◆ What is required: Go through the listing below and output exactly the line with "Zeefdrukken doe ik", the line with "Appartamento composto da: soggiorno, cucinino", and each line between; omit the rest.

Working data Start Marker

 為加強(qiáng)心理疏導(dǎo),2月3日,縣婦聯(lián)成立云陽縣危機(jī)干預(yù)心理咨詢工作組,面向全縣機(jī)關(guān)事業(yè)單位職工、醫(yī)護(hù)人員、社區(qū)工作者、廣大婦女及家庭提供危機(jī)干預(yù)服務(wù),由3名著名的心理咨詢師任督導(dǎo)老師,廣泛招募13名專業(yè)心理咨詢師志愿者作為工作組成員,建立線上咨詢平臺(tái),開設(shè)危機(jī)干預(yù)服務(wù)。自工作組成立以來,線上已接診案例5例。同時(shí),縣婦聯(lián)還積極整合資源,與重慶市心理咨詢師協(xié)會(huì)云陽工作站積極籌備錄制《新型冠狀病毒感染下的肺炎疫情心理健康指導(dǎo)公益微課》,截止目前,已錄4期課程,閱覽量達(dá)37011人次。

Working data End Marker
Working data Start Marker

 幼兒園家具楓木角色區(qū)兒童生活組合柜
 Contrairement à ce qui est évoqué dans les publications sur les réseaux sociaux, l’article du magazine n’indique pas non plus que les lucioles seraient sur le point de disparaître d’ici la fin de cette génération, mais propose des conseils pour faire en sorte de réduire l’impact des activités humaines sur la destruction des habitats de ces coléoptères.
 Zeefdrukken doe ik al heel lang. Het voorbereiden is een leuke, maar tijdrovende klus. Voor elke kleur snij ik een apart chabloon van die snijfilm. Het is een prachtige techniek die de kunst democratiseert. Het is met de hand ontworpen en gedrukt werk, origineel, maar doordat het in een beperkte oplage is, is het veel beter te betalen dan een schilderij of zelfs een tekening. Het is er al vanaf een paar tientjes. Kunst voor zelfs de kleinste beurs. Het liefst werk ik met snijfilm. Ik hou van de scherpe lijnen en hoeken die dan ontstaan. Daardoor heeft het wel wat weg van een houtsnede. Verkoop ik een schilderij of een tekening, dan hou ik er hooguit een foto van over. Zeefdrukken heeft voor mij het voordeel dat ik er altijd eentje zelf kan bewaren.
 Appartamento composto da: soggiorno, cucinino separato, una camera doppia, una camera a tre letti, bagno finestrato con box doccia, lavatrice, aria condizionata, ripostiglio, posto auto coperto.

Working data End Marker

◆ Response area:
 Zeefdrukken doe ik al heel lang. Het voorbereiden is een leuke, maar tijdrovende klus. Voor elke kleur snij ik een apart chabloon van die snijfilm. Het is een prachtige techniek die de kunst democratiseert. Het is met de hand ontworpen en gedrukt werk, origineel, maar doordat het in een beperkte oplage is, is het veel beter te betalen dan een schilderij of zelfs een tekening. Het is er al vanaf een paar tientjes. Kunst voor zelfs de kleinste beurs. Het liefst werk ik met snijfilm. Ik hou van de scherpe lijnen en hoeken die dan ontstaan. Daardoor heeft het wel wat weg van een houtsnede. Verkoop ik een schilderij of een tekening, dan hou ik er hooguit een foto van over. Zeefdrukken heeft voor mij het voordeel dat ik er altijd eentje zelf kan bewaren.
 Appartamento composto da: soggiorno, cucinino separato, una camera doppia, una camera a tre letti, bagno finestrato con box doccia, lavatrice, aria condizionata, ripostiglio, posto auto coperto.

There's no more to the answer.